• [DATA]
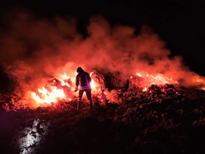 Successivamente la stessa squadra è stata inviata a Cologna, nei pressi della strada comunale Coste Lanciano, dove si è sviluppato un incendio che ha coinvolto circa trenta rotoballe di fieno ed è stato affrontato dai vigili del fuoco con i getti degli idranti in dotazione all’autopompa. L’intervento si è concluso stamattina all’alba con lo smassamento e minuto spegnimento del materiale parzialmente bruciato.
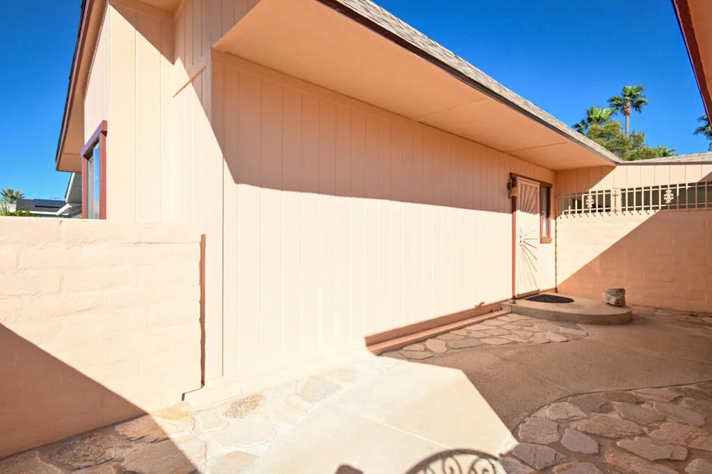 A surprisingly charming and well cared for second home for the seller for years. It has been gently used and many updates have been done. The home has a 433A Certification. Newer patio doors(3) and 4 new windows. Home has Desertscape for low maintenance Crawl space has custom covers. The home offers a split plan for privacy The location is spectacular as French Doors open up to a greenbelt near the tennis courts and the club house is a short walk and leave the car at home. There is a lot of light and is a joy to see. The patio is covered and enclosed for your security and enjoyment. This is really a treat to see!!
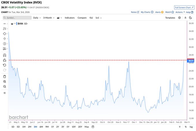CBOE Volatility Index $VIX on track for its highest close since April's Tariff Meltdown 🚨🚨🚨
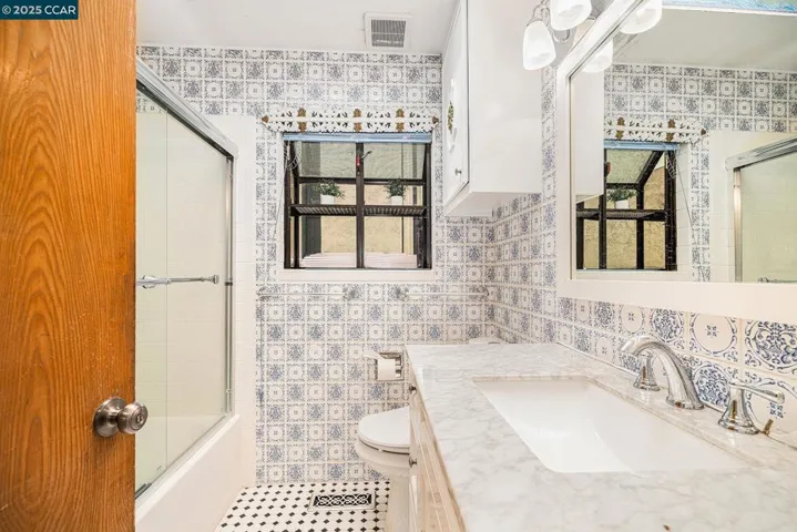 Gorgeous, Panoramic Views of the Bay Area! Invite yourself to this classic home in Tewksbury Heights with its unique flair of having its very own pool and pool house! Enjoy three large bedrooms: two with a view, and one with an en-suite and access to the sunroom. Natural light throughout, with large windows to watch the Bay Area shine at night. Kitchen, Hall, and Bathrooms have skylights for ample light as well. Hardwood floors in upper area. Updated baths and updated kitchen countertops. Laundry room downstairs with half bath for lower area. Backyard is terraced with nice greenery for lounging in front of the pool house, which has its own full bath and shower, possible entertaining area or living studio? Up to you! Large two-car garage with extra room for storage. Close to freeway access and minutes away to El Cerrito Del Norte BART station. Don’t miss this one!

• [INSTRUCTIONS FOR THE TASK] Transcribe the full listing above exactly, with the images removed.

• [RESPONSE FOR THIS EXERCISE]
 Successivamente la stessa squadra è stata inviata a Cologna, nei pressi della strada comunale Coste Lanciano, dove si è sviluppato un incendio che ha coinvolto circa trenta rotoballe di fieno ed è stato affrontato dai vigili del fuoco con i getti degli idranti in dotazione all’autopompa. L’intervento si è concluso stamattina all’alba con lo smassamento e minuto spegnimento del materiale parzialmente bruciato.
 A surprisingly charming and well cared for second home for the seller for years. It has been gently used and many updates have been done. The home has a 433A Certification. Newer patio doors(3) and 4 new windows. Home has Desertscape for low maintenance Crawl space has custom covers. The home offers a split plan for privacy The location is spectacular as French Doors open up to a greenbelt near the tennis courts and the club house is a short walk and leave the car at home. There is a lot of light and is a joy to see. The patio is covered and enclosed for your security and enjoyment. This is really a treat to see!!
CBOE Volatility Index $VIX on track for its highest close since April's Tariff Meltdown 🚨🚨🚨
 Gorgeous, Panoramic Views of the Bay Area! Invite yourself to this classic home in Tewksbury Heights with its unique flair of having its very own pool and pool house! Enjoy three large bedrooms: two with a view, and one with an en-suite and access to the sunroom. Natural light throughout, with large windows to watch the Bay Area shine at night. Kitchen, Hall, and Bathrooms have skylights for ample light as well. Hardwood floors in upper area. Updated baths and updated kitchen countertops. Laundry room downstairs with half bath for lower area. Backyard is terraced with nice greenery for lounging in front of the pool house, which has its own full bath and shower, possible entertaining area or living studio? Up to you! Large two-car garage with extra room for storage. Close to freeway access and minutes away to El Cerrito Del Norte BART station. Don’t miss this one!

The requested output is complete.